Render every line of the data exactly as written, and leave out the pictures.

[Source material]
──────────

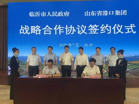 7月22日上午,临沂市人民政府与山东省港口集团有限公司战略合作协议签订仪式举行。山东港口集团党委书记、董事长霍高原,山东港口集团党委副书记、董事、总经理李奉利,山东港口集团董事会秘书、办公室主任刘志国,山东港口陆海国际物流集团党委书记、执行董事、总经理李武成,市委副书记、市长孟庆斌,市委常委、常务副市长侯晓滨,市政协副主席、临沂商城管委会主任李宗涛,市政府秘书长解红日,市政府副秘书长王鑫出席。孟庆斌、霍高原分别致辞。
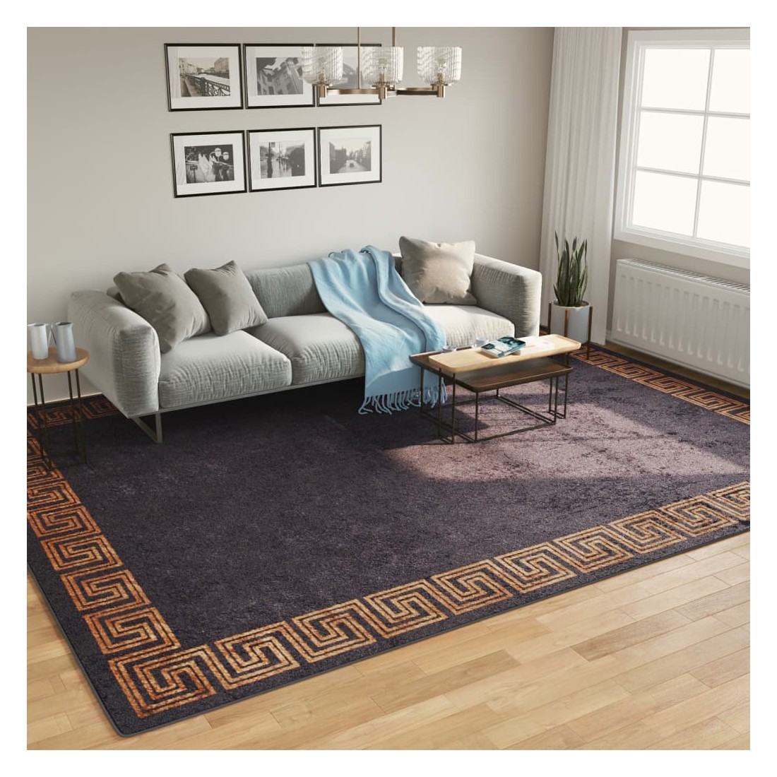 Tapis lavable noir et doré 400x300 cm antidérapant
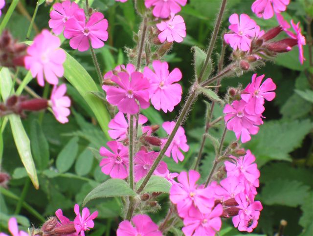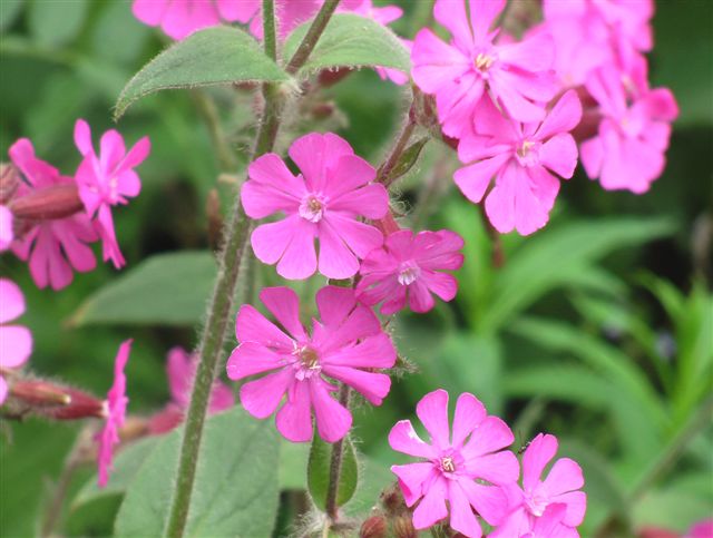 Plante vivace, haute de 80cm, tige rude couverte de poils dressés, feuilles ovales à spatulées, fleurs rose vif aux cinq pétales très échancrées .

──────────

[Result]
 7月22日上午,临沂市人民政府与山东省港口集团有限公司战略合作协议签订仪式举行。山东港口集团党委书记、董事长霍高原,山东港口集团党委副书记、董事、总经理李奉利,山东港口集团董事会秘书、办公室主任刘志国,山东港口陆海国际物流集团党委书记、执行董事、总经理李武成,市委副书记、市长孟庆斌,市委常委、常务副市长侯晓滨,市政协副主席、临沂商城管委会主任李宗涛,市政府秘书长解红日,市政府副秘书长王鑫出席。孟庆斌、霍高原分别致辞。
 Tapis lavable noir et doré 400x300 cm antidérapant
 Plante vivace, haute de 80cm, tige rude couverte de poils dressés, feuilles ovales à spatulées, fleurs rose vif aux cinq pétales très échancrées .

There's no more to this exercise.